ACTIVITIES: Kayaking, SUP, snorkeling, hiking. All water gear was provided by the camp. We also rented a boat (and by boat I mean a ridiculously huge 80 ft yacht with full staff) for the day and explored other parts of the island. .

WHAT TO EXPECT:

  • The accommodations are amazing, high quality safari-style tents that can accommodate up to 3 people.  There are nightstands with portable lanterns and even a mirror! Every tent has it's own freestanding outdoor shower and toilet.
  •  The camp's "clean" water comes from a nearby well. Showering involves pumping.... and a bucket and is definitely easier with a second pair of hands. Bring your own shampoo, conditioner and face/body wash - ideally organic and environmentally friendly as it goes straight into the ground while you shower.
  • El baño is comfortable given the circumstances (you're camping, peeps!). Flushing involves pumping, but no bucket ;), and a lovely view of the starry night sky.
  • Wildlife: During a SUP session, I spotted turtles, manta rays, colorful fish and even a sea snake! We didn't venture to far inland, but did get some visitors at night. Babisuris, a small, racoon-like animal native to this region, came into our camp (and a few of our tents) in search of food. Be sure to zip up your tent in the evenings to avoid any furry surprises.
  • The onsite chef will cook breakfast, lunch and dinner for you. Healthy snacks consisting of cucumber with lime juice and spicy seasonings were available in between meals.

PACKING LIST / PRO TIPS: Besides bikinis and bronzer, here are a few things you must pack/know in advance.
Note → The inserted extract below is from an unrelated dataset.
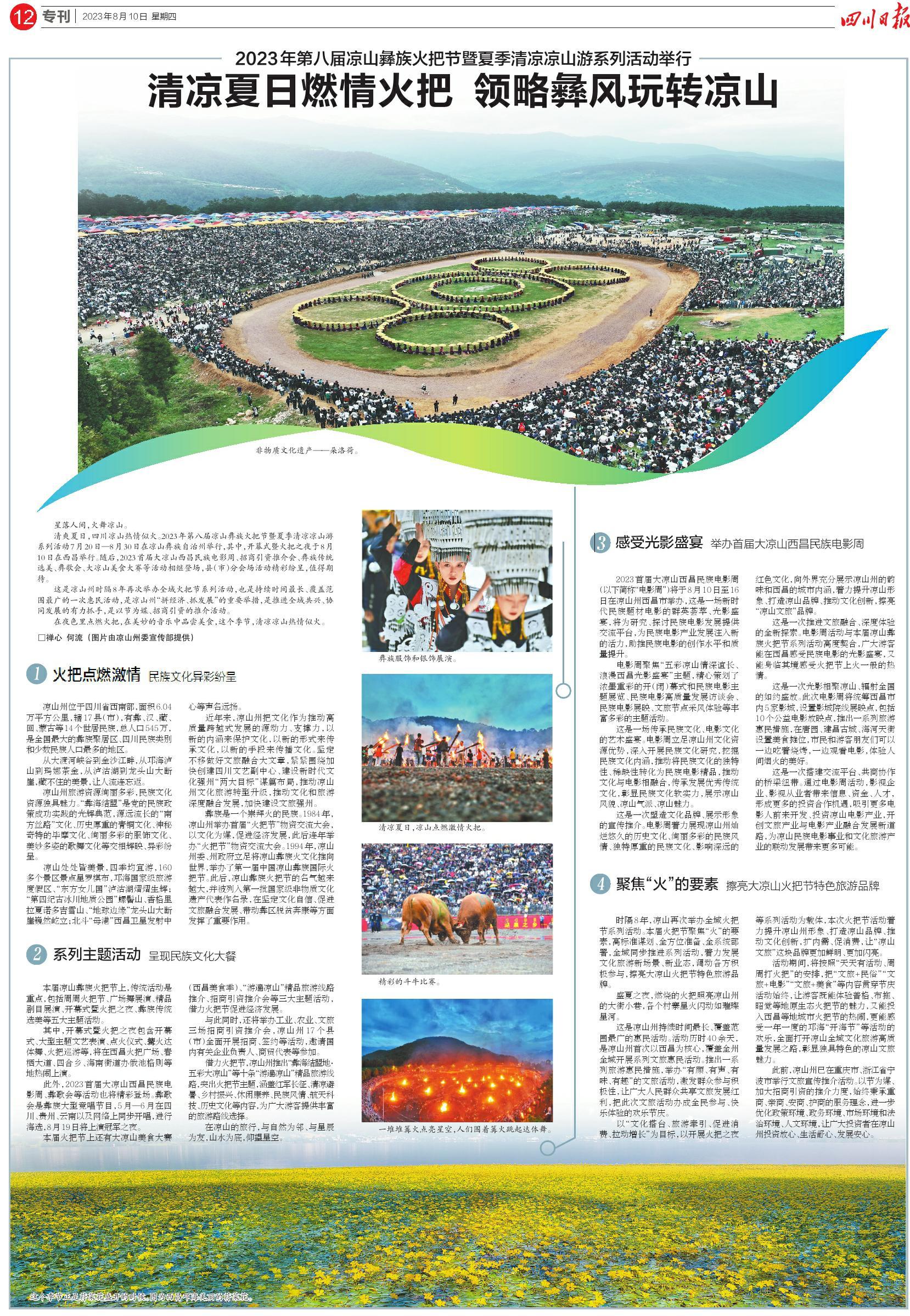 2023年第八届凉山彝族火把节暨夏季清凉凉山游系列活动7月20日—8月30日在凉山州举行,8月10日,将举行开幕式暨火把之夜活动。当天,四川日报刊发整版文章《清凉夏日燃情火把 领略彝风玩转凉山》,稿件从四个部分,聚焦火把节系列活动和首届大凉山西昌民族电影周等,多角度呈现凉山火把节系列活动这一文旅盛会,展现凉山文旅融合发展新路径。

  • Sunscreen - There are some seriously strong rays on the island and exposure is pretty constant. This one is my absolute fave. Layer it on.
  • Bug spray - Mosquitos are prevalent when there's no wind. Be sure to put on bug spray on in the early evening before the sun goes down.
  • BYOB - We brought a lot of wine, booze and snacks and sipped on margaritas and Aperol spritzes (hydration is key!) in between swim and kayak sessions. Coupled with the meals already provided by the camp, there was nor shortage of food and beverage during our stay.
  • Jacket - Bring a light sweater or jacket in case temps drop.
  • Organic shampoo, conditioner, face and body wash.
  • No need to bring beach towels! These are provided by the camp.